If you are considering rolling your own Vulkan based game then you might be best just adopting the VSG, even with it's alpha status, it'll likely lead you to get things up and running a lot quicker than learning Vulkan and how best to use it.

gamagan commented 5 years ago

Thank you for the write up.

As a follow up, It might be a good idea to enable the Github Wiki. This info could be useful there, even as a raw dump. I would be willing to contribute some documentation as I learn VSG; just need a place to put it.

Last I've heard, Google Groups is closing. Is Google Groups still the best place to ask VSG questions?

I think I'll take the plunge and start using VSG for my 2D toy engine. I've already built a tiny prototype, but I'm spending alot of time on low level stuff and want to move up a higher layer. I'll be starting over, but that's ok. The main feature I'm looking to support that intersect with VSG are:

Some other features that probably do-not intersect with VSG are:

Thanks again for the info. I won't continue to use the issues to ask questions, and I know you're busy developing VSG -- just need to know the best place to go once I have the inevitable implementation questions.

Regards

vsg-dev commented 5 years ago

I haven't tried out the wiki yet - my main focus right now is on the code itself so haven't spent much time on wider things like website. Have you come across a good example of github wiki in action that is worth me looking at?

I hadn't heard GoogleGroups is closing, I've just done a quick search online and couldn't find any reference about this. Could you point me in the direction of article/press release about this?

For now GoogleGroups will be the best place to post general support questions.

As for your 2D game, it should be a modest enough of challenge to be doable with the VSG as it is. You'll need to work on your shaders and scene graph setup, game controller support etc.

The VSG's serialization support is pretty straight forward to use so it should be usable for serializing in/out any extensions of VSG nodes or your own classes (they just need to subclass from vsg::Objects, implement the read/write methods, and register themselves with the vsg::OjbectFactory so that the read's can work out how to create an instance of it.

I haven't head the term "Resource Hot Loading", what do you mean by that? Anything like paging in data from disk/network? I'll be work on paging in the next few months.
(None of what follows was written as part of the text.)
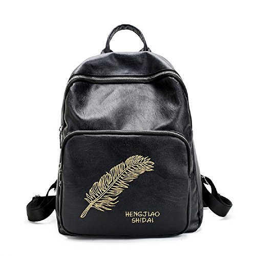 -. Feature : MATERIAL: Material Updated To Good Quality PU Leather.All The Toints are Carefully Sewn,Durable Zippers / CLOSURE: Top Zipper Closure,Special Designed Flap for Extra Safety.Pu leather,it is Rainproof,There is No Worry About The Items In The Bag Get Wet in Rainy Days. / DIMENSIONS and INTERNAL: 13.3"H x 5.9"W x 10.6"H.It is advertised as a girl's schoolbag however it is stylish and roomy enough for various ages. There is room inside for a couple books, or a ipad. I do think you could put an small tablet, a few necessities, and a wallet. / FEATURES: Golden Feather Embroidery Pattern Backpack Casual Satchel Travel Daypack.Three Different Carry Ways for Various Occasions.You Can Simply Use it As a Casual Backpack,Stylish Top Handle Bag or a Special Shoulder Bag With no Need to Remove the Strap. / Our guarantee:If you are not 100% satisfied with our product, we offer a 30-day money back guarantee and life time replacement for defective items, so what are you waiting for!

gamagan commented 5 years ago

About Wiki: I wouldn't necessary call these examples great, but they're functional:

My point about the wiki is not necessary to use the Github wiki, but to have a place where users can contribute documentation and notes. Might as well enable people to help themselves, if they are so inclined. It's not 100% necessary, but it could be useful. I don't know if "readthedocs.org" is a wiki-like thing, but that might also be worth checking out.

About Google Groups: I could have sworned that I used to see banners on GG saying they were shutting down, but maybe it was just the old Google Code, or Google+. I did some Googling, and it looks like I made this part up. So, nvm.

About "Hot Loading": Say a game engine uses some images, and scrips, and config files during runtime. Hot (re)loading is the ability to update those resources while the engine is running and have the engine detect those changes and re-load the resources at runtimes, without having to such down and restart. This is super useful for rapid iteration. Once you have experience this, it's difficult to go back to the old shutdown-update-restart. With enough work, it's possible to add hot-reloading to just about everything. In my initial toy engine, I was even able to hot-reload some DLLs, though hot-loading C++ code starts getting really hairy as design code grows.